● **Work item**:
The listing is to be transcribed in full, with its images left out.

● **Extracted information**:

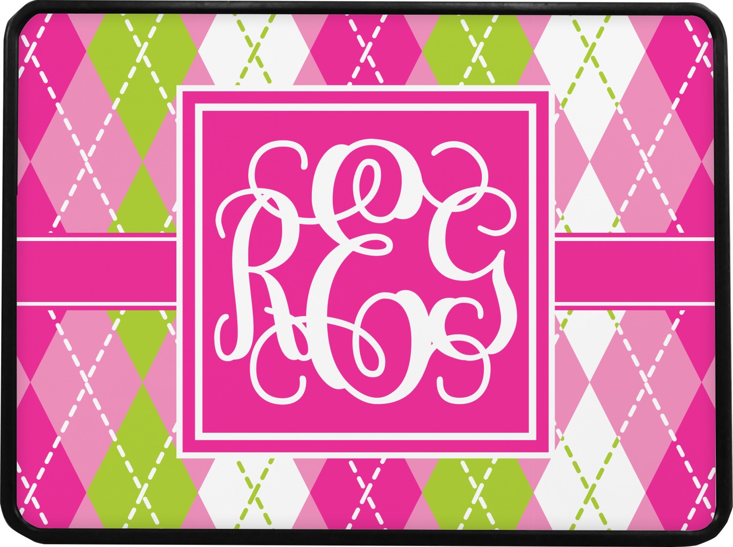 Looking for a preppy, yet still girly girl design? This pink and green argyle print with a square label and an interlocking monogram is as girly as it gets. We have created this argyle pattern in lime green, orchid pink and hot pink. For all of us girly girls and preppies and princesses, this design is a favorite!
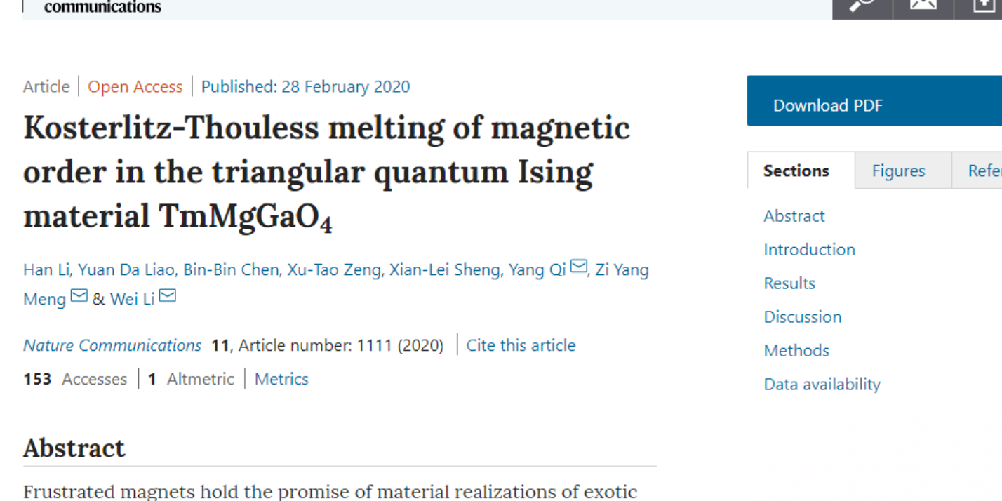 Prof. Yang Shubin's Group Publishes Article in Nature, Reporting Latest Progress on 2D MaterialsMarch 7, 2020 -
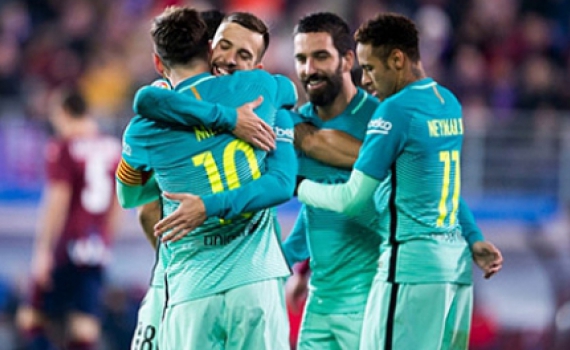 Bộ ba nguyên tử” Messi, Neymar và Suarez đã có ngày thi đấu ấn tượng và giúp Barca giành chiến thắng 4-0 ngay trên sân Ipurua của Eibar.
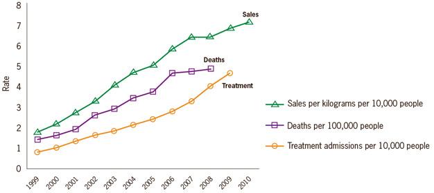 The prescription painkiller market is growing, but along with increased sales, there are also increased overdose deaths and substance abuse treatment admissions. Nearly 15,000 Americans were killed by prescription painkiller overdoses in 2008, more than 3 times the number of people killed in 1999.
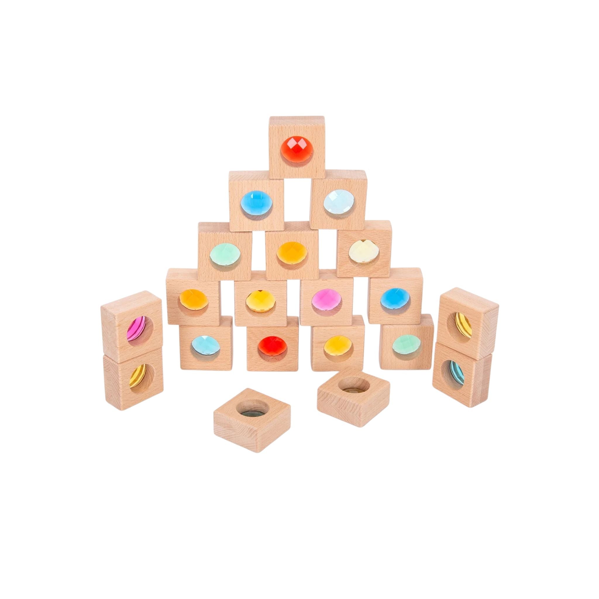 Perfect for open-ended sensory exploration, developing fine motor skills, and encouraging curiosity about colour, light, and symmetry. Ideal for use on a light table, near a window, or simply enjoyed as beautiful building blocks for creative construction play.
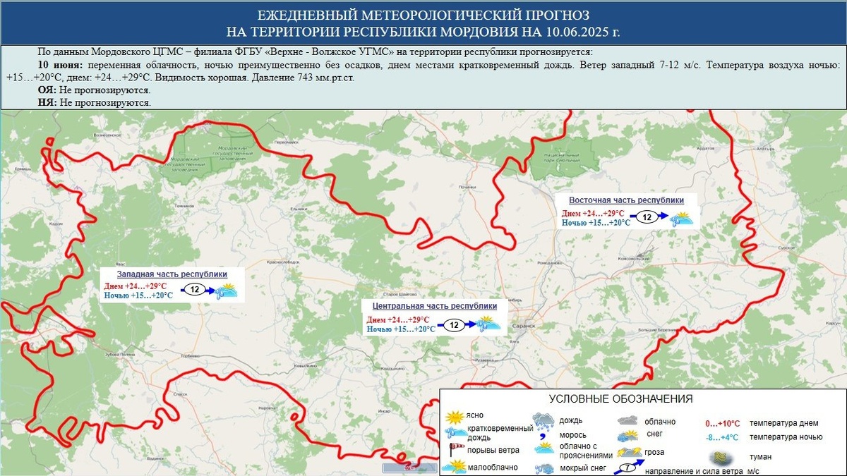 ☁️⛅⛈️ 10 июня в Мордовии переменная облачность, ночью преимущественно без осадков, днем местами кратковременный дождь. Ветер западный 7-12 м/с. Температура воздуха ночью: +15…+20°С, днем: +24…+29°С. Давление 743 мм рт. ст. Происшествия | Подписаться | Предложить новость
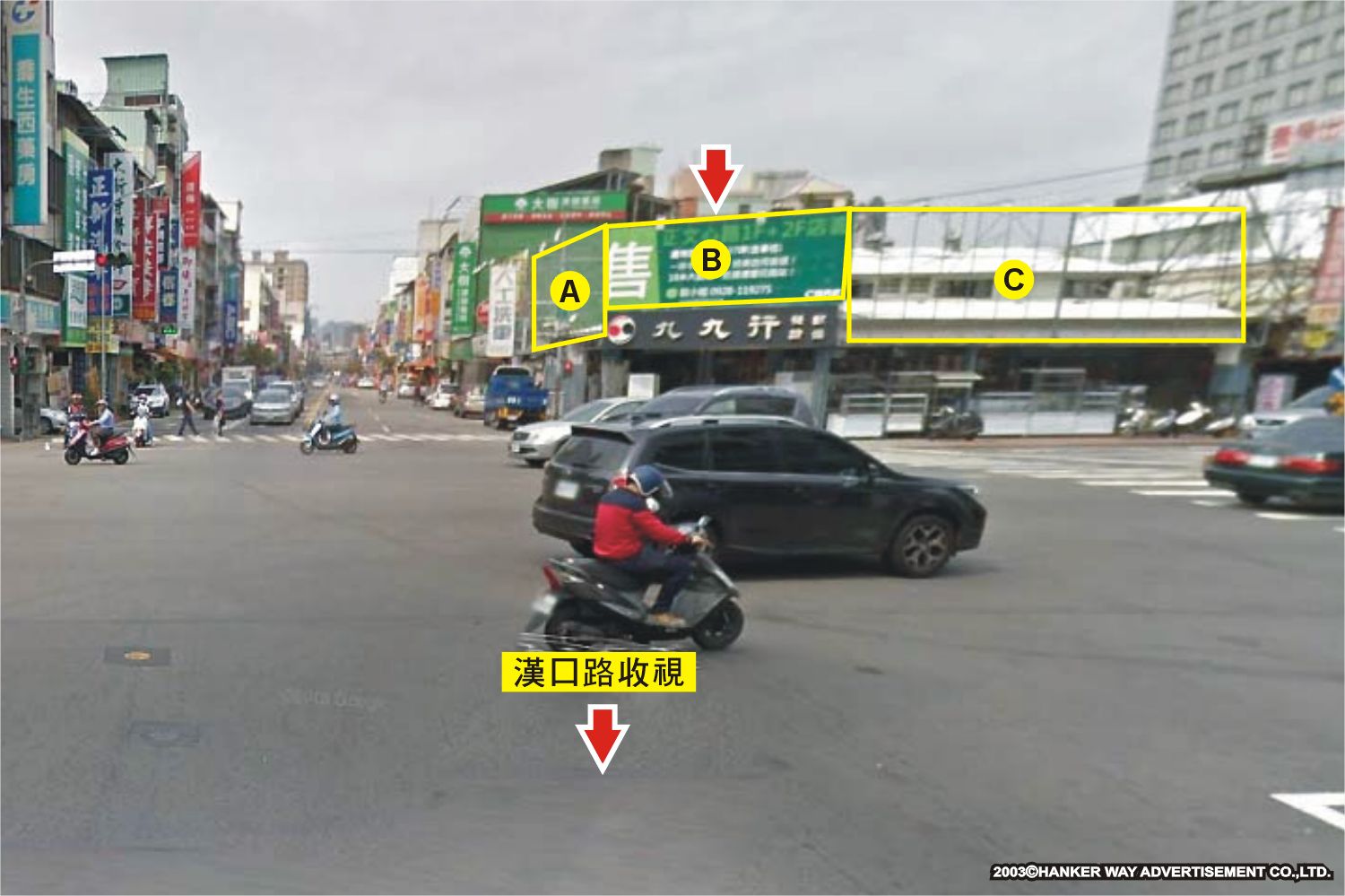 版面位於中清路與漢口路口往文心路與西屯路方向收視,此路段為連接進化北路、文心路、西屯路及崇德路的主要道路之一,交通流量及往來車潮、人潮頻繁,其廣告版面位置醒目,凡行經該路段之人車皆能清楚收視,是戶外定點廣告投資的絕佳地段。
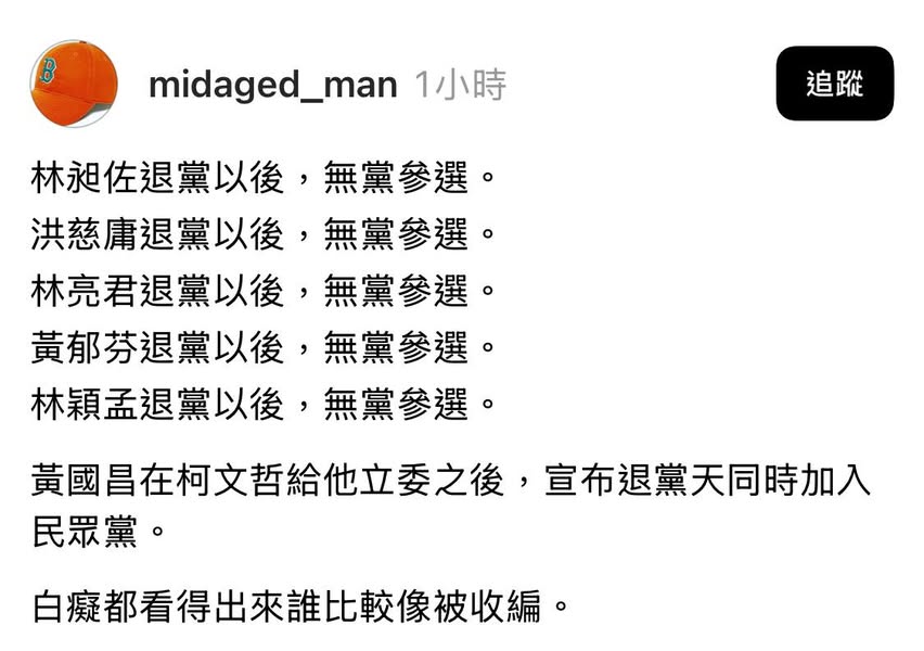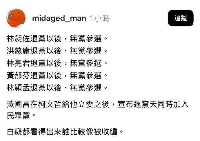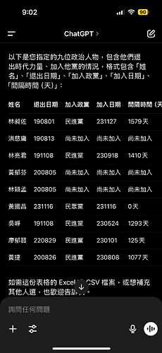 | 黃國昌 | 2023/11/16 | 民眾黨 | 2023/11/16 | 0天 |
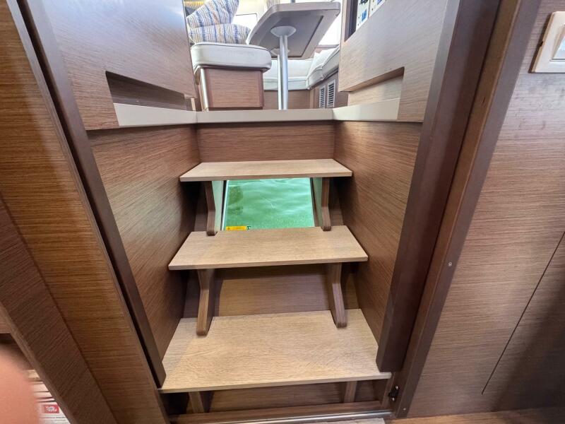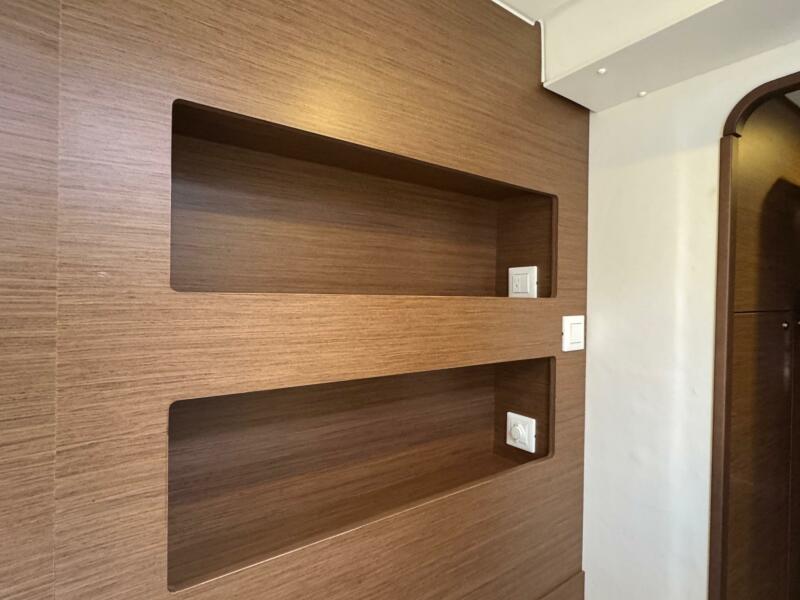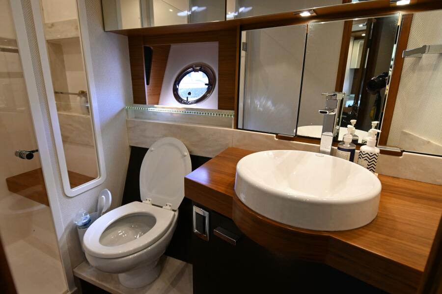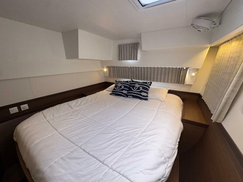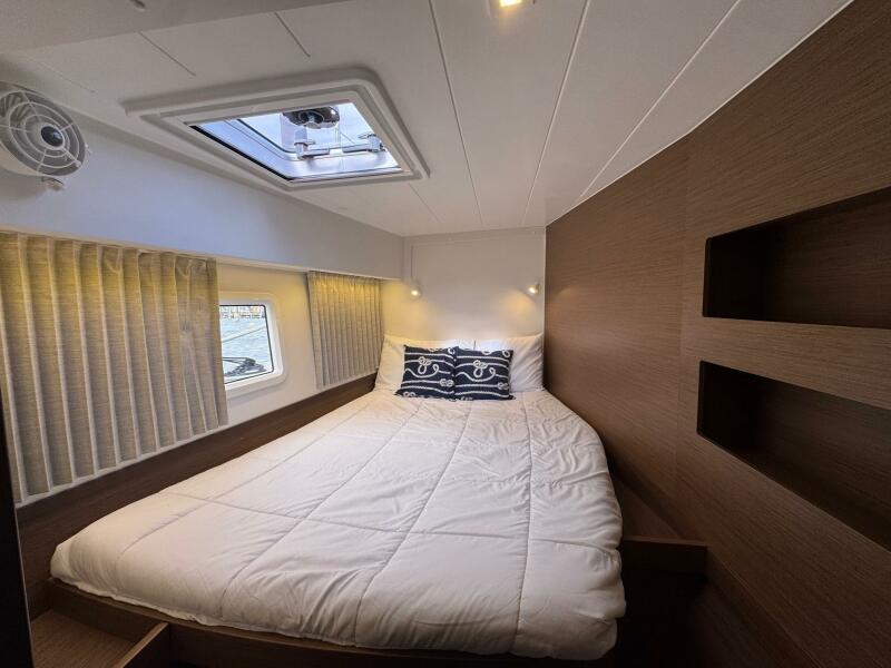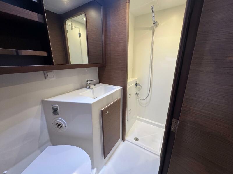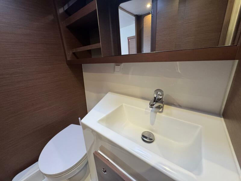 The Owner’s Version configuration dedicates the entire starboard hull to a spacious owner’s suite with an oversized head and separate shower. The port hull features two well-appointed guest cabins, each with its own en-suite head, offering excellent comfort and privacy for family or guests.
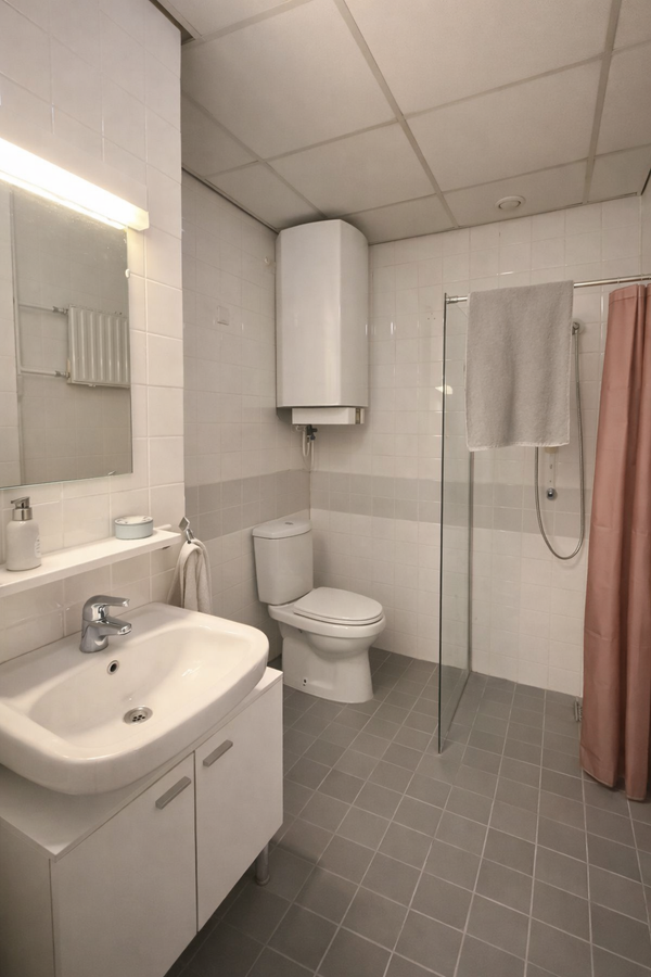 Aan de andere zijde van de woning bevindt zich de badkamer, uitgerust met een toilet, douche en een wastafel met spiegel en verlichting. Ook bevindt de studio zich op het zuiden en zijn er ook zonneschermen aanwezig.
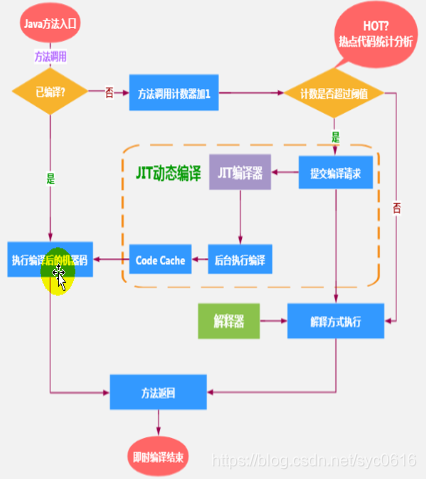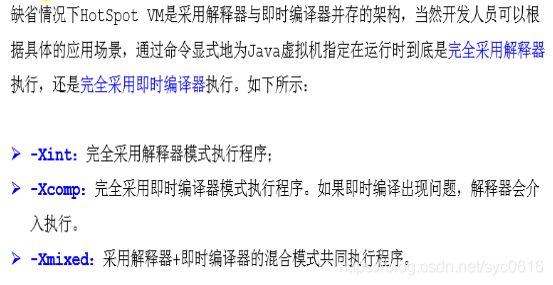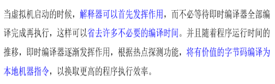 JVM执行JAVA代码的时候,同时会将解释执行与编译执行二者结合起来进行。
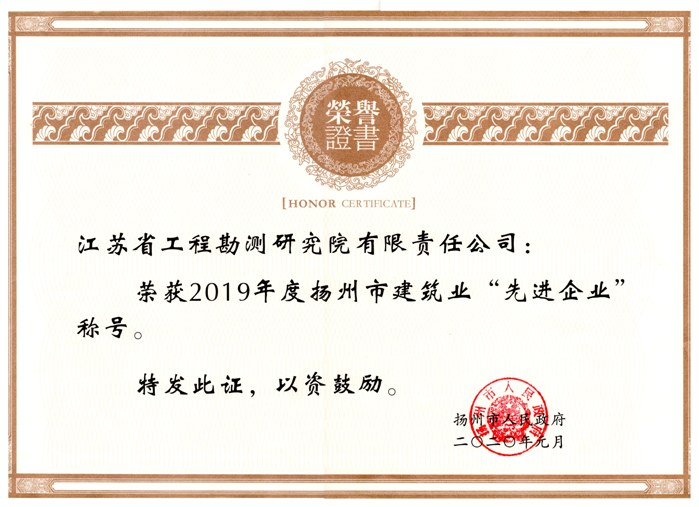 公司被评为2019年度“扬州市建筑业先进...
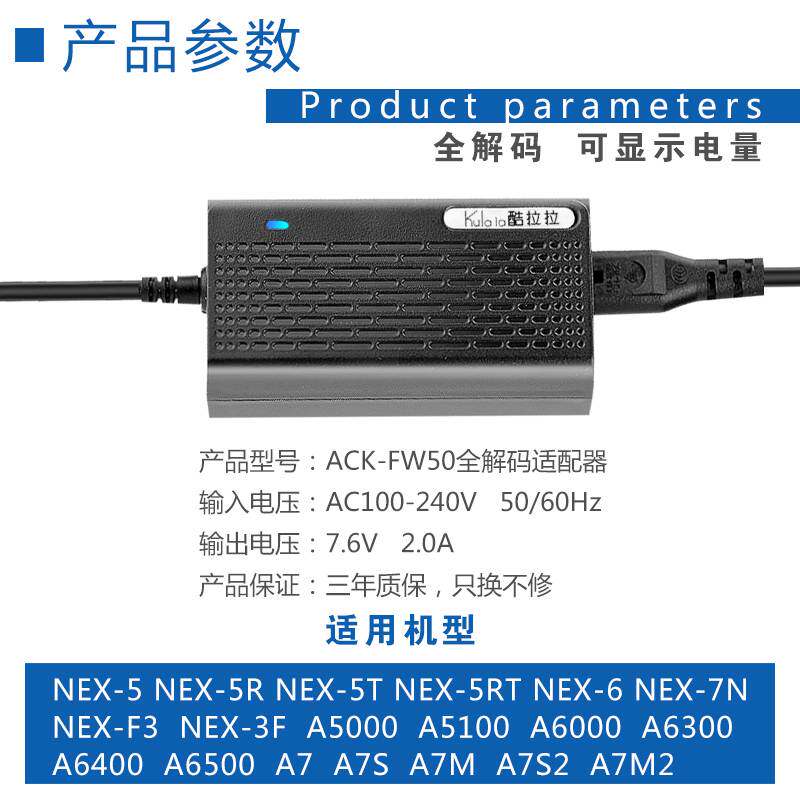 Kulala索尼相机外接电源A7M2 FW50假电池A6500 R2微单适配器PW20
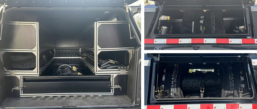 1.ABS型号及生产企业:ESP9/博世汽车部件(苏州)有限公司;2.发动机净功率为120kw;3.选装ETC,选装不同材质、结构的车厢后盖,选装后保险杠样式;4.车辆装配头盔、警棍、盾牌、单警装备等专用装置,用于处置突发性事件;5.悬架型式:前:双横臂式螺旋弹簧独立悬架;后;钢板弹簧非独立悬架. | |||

● **Exercise response**:
 Looking for a preppy, yet still girly girl design? This pink and green argyle print with a square label and an interlocking monogram is as girly as it gets. We have created this argyle pattern in lime green, orchid pink and hot pink. For all of us girly girls and preppies and princesses, this design is a favorite!
 Prof. Yang Shubin's Group Publishes Article in Nature, Reporting Latest Progress on 2D MaterialsMarch 7, 2020 -
 Bộ ba nguyên tử” Messi, Neymar và Suarez đã có ngày thi đấu ấn tượng và giúp Barca giành chiến thắng 4-0 ngay trên sân Ipurua của Eibar.
 The prescription painkiller market is growing, but along with increased sales, there are also increased overdose deaths and substance abuse treatment admissions. Nearly 15,000 Americans were killed by prescription painkiller overdoses in 2008, more than 3 times the number of people killed in 1999.
 Perfect for open-ended sensory exploration, developing fine motor skills, and encouraging curiosity about colour, light, and symmetry. Ideal for use on a light table, near a window, or simply enjoyed as beautiful building blocks for creative construction play.
 ☁️⛅⛈️ 10 июня в Мордовии переменная облачность, ночью преимущественно без осадков, днем местами кратковременный дождь. Ветер западный 7-12 м/с. Температура воздуха ночью: +15…+20°С, днем: +24…+29°С. Давление 743 мм рт. ст. Происшествия | Подписаться | Предложить новость
 版面位於中清路與漢口路口往文心路與西屯路方向收視,此路段為連接進化北路、文心路、西屯路及崇德路的主要道路之一,交通流量及往來車潮、人潮頻繁,其廣告版面位置醒目,凡行經該路段之人車皆能清楚收視,是戶外定點廣告投資的絕佳地段。
 | 黃國昌 | 2023/11/16 | 民眾黨 | 2023/11/16 | 0天 |
 The Owner’s Version configuration dedicates the entire starboard hull to a spacious owner’s suite with an oversized head and separate shower. The port hull features two well-appointed guest cabins, each with its own en-suite head, offering excellent comfort and privacy for family or guests.
 Aan de andere zijde van de woning bevindt zich de badkamer, uitgerust met een toilet, douche en een wastafel met spiegel en verlichting. Ook bevindt de studio zich op het zuiden en zijn er ook zonneschermen aanwezig.
 JVM执行JAVA代码的时候,同时会将解释执行与编译执行二者结合起来进行。
 公司被评为2019年度“扬州市建筑业先进...
 Kulala索尼相机外接电源A7M2 FW50假电池A6500 R2微单适配器PW20
 1.ABS型号及生产企业:ESP9/博世汽车部件(苏州)有限公司;2.发动机净功率为120kw;3.选装ETC,选装不同材质、结构的车厢后盖,选装后保险杠样式;4.车辆装配头盔、警棍、盾牌、单警装备等专用装置,用于处置突发性事件;5.悬架型式:前:双横臂式螺旋弹簧独立悬架;后;钢板弹簧非独立悬架. | |||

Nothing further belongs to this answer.